Science is only interested in fully-causal relationships. But human beings are the things least-driven by causality in the universe. Which is why we tend to separate 'science' from 'the humanities'. Studying humans is extremely valuable. But they're not deterministic and so you need less rigorous ways to study them.
This is a very good point. Full-causal relationships. With something magic like this, science really will not be happy until it's 10 out of 10.
Probably diet, pharmacology, genetics, biome, and beliefs are important, but there's no studies. That would be interesting.
I think the human factor also comes into play. Somehow because it's obviously useful, and a human ability, it makes people treat it differently than if we could train a machine or an AI to do it. If there was a psychic AI machine that got 7 out of 10, using some quantum entanglement stuff, everyone would be losing their minds to research and improve it. But as soon as it involves humans, the scholars lose their verve.
The sheer mass of human vagary involved in that account presents a nigh-insurmountable obstacle, especially given that one of my determinations was that "if God doesn't want a thing to happen, it won't happen." That all alone kills any attempt to make it repeatable.
I suppose I could get together with a researcher and try to explore the space. But unless we can get to rigor and full repeatability, whose going to care?

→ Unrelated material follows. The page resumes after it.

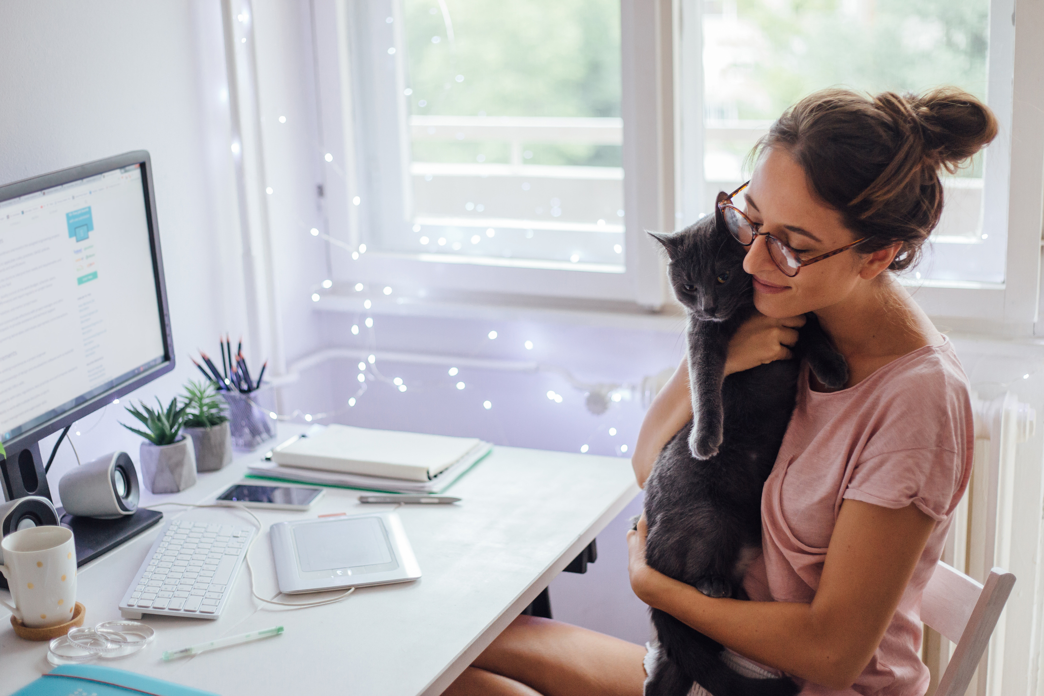 While many pets love their humans working from home, some may need a little space to adjust. The workday can be as long for your cat as it is for you, and their boredom is real. Be sure to pause throughout and take time to play with your cat. If you don’t want to have to hold the other end of the string toy or toss the ball, choose toys that kitty can play with alone. Never underestimate the power of an empty box or paper bag on the floor—your cat will immediately have to explore it—so you can get a little time to get some work done.

'Reality is that which, when you stop believing in it, doesn't go away.'
And from that linked SSC article,
> ...But rather than speculate, I prefer to take it as a brute fact. Studies are going to be confounded by the allegiance of the researcher. When researchers who don’t believe something discover it, that’s when it’s worth looking into.
Good point. I don't see why we ought to bring emotion into it at all. It's obvious people are scared of the researching the topic. That makes them problematic for the science. There needs to be a way to analyse data without bias, similar to how exams are marked without knowing names.